After hightailing it, Megan runs into 16-year-old Annika (Chloƫ Grace Moretz) and her group of friends outside a liquor store, where they're on the hunt for a booze hookup. Suddenly, Megan's found a group she feels comfortable with, and before long she finds herself crashing on Annika's bedroom floor. She decides to stick around, hiding out in her new friend's home, at first without the knowledge of Annika's father, Craig, and then (once he's been won over by his new houseguest's charms) with his reluctant permission. Though Craig is divorced and heartbroken after being abandoned by his ex-wife, he maintains an acerbic sense of humor -- mainly because he's played by Sam Rockwell, and that should tell you everything you need to know about where his relationship with Megan is headed. Megan gives herself a week to lay low and figure things out, telling Anthony that she's attending a career-counseling seminar out of town.

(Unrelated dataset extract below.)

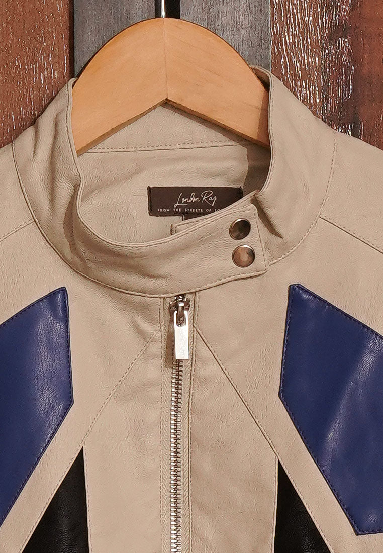 Make a cool addition to your closet with this faux leather jacket featuring a dual tone paneling detail. The front zip closure makes it practical and stylish at the same time.

"Laggies" understands the comforting appeal of regressing back into adolescence, fitting squarely in the well-worn tradition of arrested development comedy. And it doesn't really break any new ground. Shelton (working from a script by young-adult author and first-time screenwriter Andrea Seigel) opts for an unobtrusive directing style, giving the material a slightly more realistic feel than it might otherwise have had, and while the plot is predictable and too often content to play it safe, it's so gosh-darn likeable that those things start to feel like part of its charm. Though she's smoothed out the edges of her traditionally shaggy style, Shelton maintains her gift for getting great work out of her actors. Knightley makes for a warm, relatable heroine, and it's easy to find yourself rooting for her happiness. She shares a nice, big-sister sort of chemistry with Moretz and generates convincingly romantic sparks with Rockwell, who brings his typical sly charisma to the role. The scenes he shares with Knightley represent the film at its best, and it's not a surprise -- has there ever been a film that isn't improved immeasurably by the sheer presence of Sam Rockwell?